• **THE DATA**:
*** Begin section ***
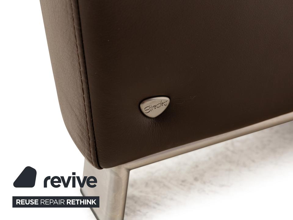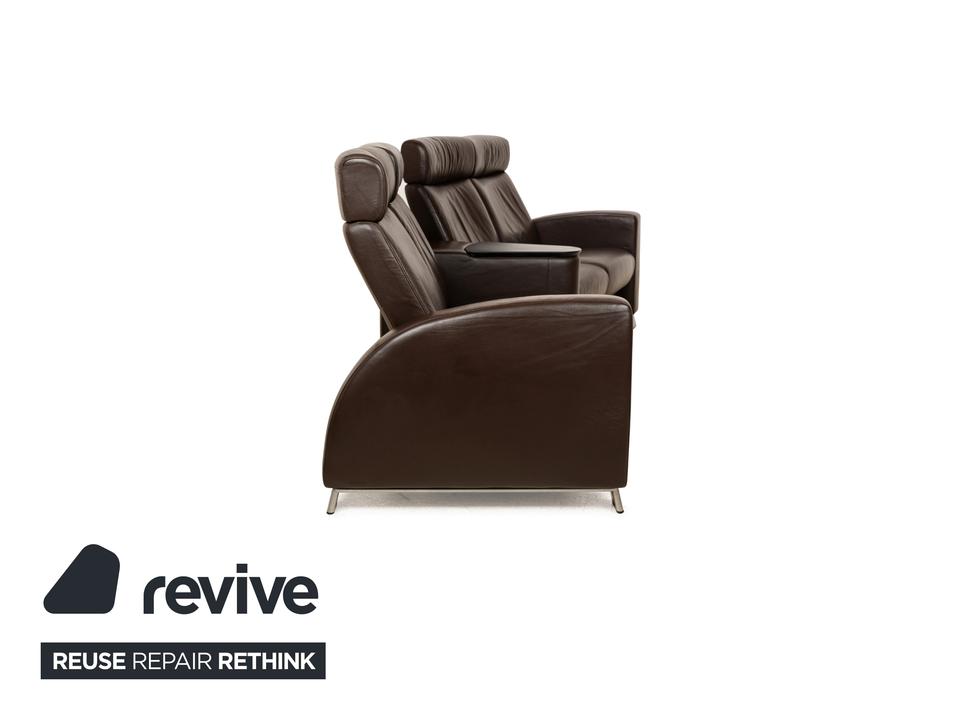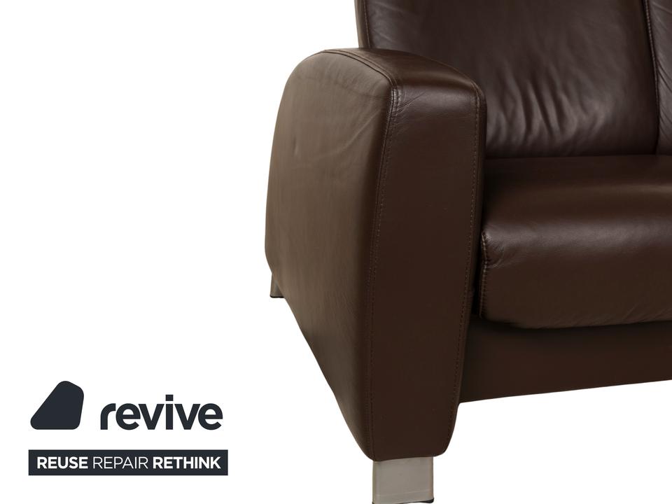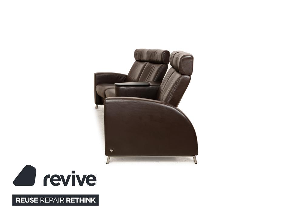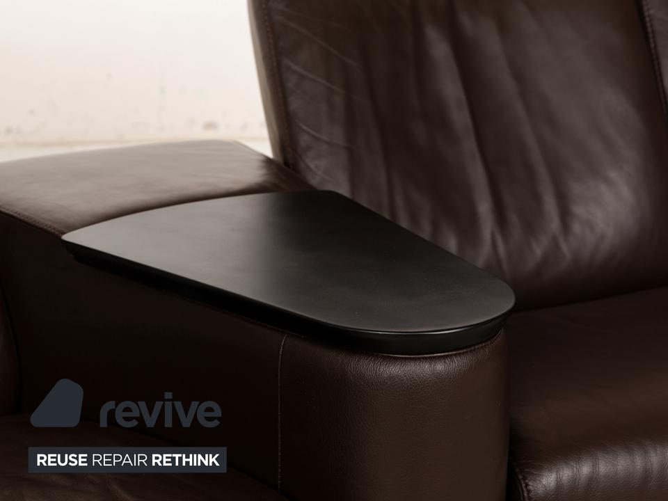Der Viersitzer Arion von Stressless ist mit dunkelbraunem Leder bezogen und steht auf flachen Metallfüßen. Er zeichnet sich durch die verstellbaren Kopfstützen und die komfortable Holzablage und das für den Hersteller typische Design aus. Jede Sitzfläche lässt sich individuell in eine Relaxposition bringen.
*** End section ***
*** Begin section ***
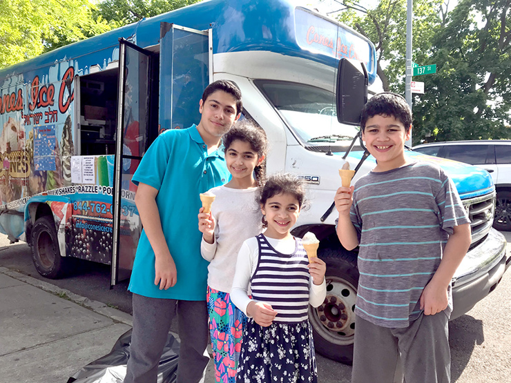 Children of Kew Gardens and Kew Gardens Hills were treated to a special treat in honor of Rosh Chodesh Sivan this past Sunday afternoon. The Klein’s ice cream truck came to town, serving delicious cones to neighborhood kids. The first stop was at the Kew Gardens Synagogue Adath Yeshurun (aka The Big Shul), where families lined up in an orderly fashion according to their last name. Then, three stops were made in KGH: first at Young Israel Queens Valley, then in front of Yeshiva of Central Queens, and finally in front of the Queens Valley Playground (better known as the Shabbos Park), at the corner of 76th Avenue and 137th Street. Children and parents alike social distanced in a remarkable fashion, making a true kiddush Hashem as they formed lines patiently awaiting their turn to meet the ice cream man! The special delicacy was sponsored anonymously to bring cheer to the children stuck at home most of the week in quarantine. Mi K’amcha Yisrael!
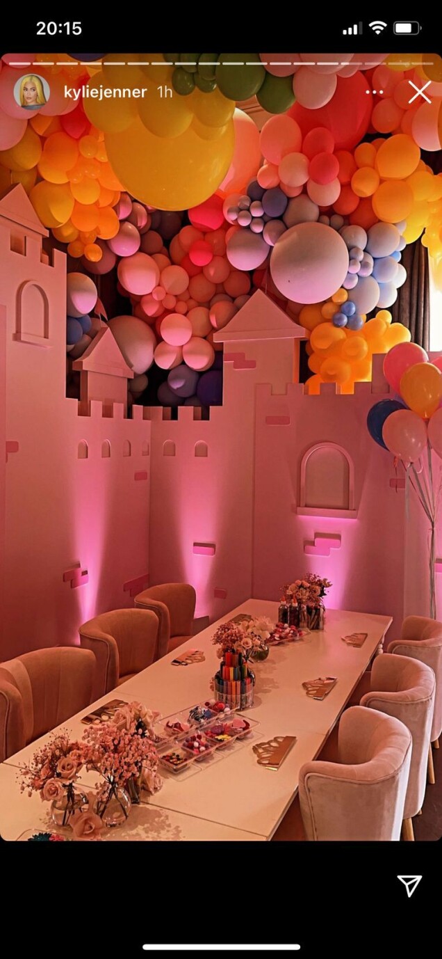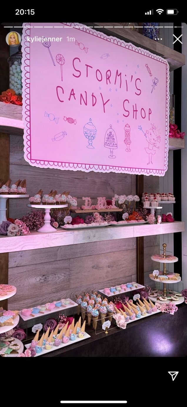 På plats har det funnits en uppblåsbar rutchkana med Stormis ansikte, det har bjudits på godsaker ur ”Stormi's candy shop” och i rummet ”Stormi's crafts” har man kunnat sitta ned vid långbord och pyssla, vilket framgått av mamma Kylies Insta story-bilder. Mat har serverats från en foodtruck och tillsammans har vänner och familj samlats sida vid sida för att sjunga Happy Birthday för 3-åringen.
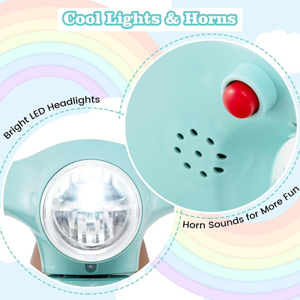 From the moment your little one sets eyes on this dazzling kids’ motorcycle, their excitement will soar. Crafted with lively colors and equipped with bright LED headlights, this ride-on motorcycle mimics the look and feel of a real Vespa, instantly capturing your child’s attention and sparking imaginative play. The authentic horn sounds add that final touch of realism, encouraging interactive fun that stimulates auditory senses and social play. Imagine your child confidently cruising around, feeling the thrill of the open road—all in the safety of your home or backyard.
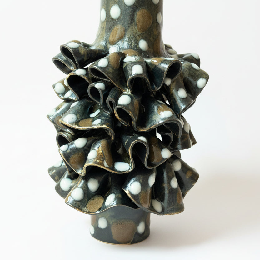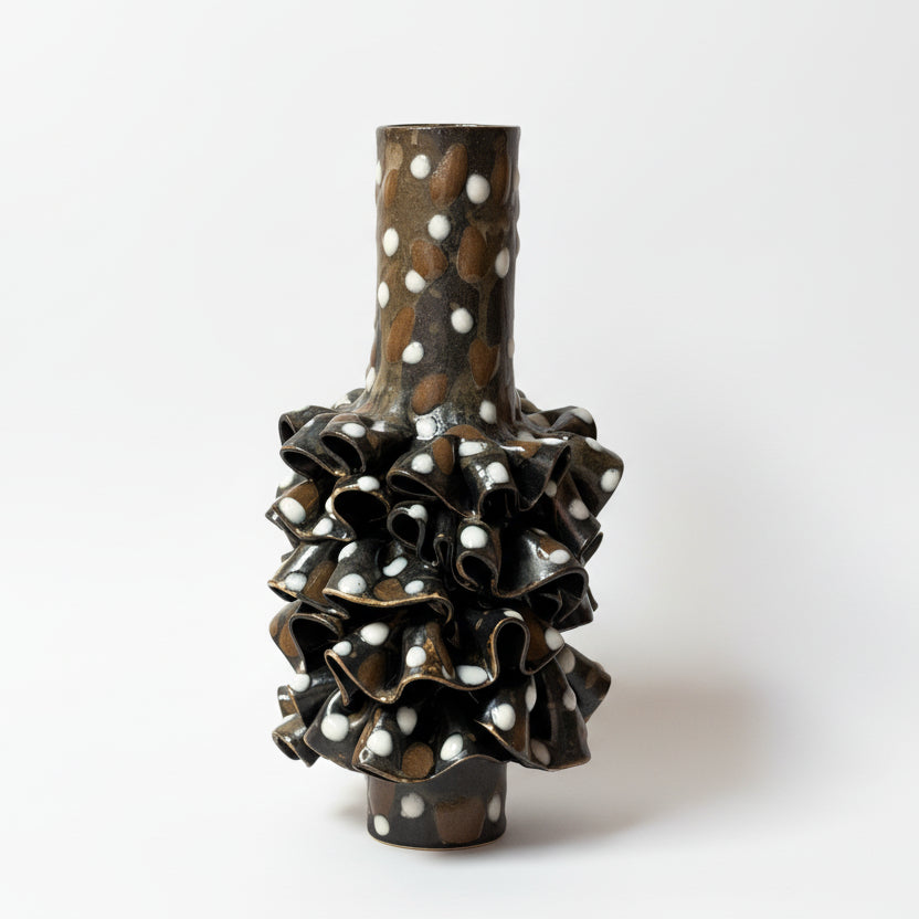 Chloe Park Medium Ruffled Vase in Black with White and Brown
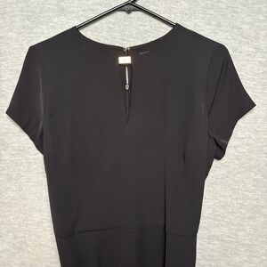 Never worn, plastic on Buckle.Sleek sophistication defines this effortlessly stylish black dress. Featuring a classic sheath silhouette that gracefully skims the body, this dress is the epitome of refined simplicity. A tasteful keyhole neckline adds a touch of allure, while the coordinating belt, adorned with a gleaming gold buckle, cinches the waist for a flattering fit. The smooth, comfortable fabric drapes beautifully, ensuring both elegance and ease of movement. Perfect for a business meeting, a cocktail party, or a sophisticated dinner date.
*** End section ***
*** Begin section ***
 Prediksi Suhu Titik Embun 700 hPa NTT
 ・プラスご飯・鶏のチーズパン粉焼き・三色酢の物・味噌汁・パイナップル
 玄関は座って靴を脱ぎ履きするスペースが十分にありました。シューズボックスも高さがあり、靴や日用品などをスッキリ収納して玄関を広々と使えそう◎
*** End section ***
• **BRIEF**:
Please make an exact copy of the lines above from the line with "Prediksi Suhu Titik Embun 700 hPa NTT" through the line with "玄関は座って靴を脱ぎ履きする", both ends included.

• **TASK OUTPUT**:
 Prediksi Suhu Titik Embun 700 hPa NTT
 ・プラスご飯・鶏のチーズパン粉焼き・三色酢の物・味噌汁・パイナップル
 玄関は座って靴を脱ぎ履きするスペースが十分にありました。シューズボックスも高さがあり、靴や日用品などをスッキリ収納して玄関を広々と使えそう◎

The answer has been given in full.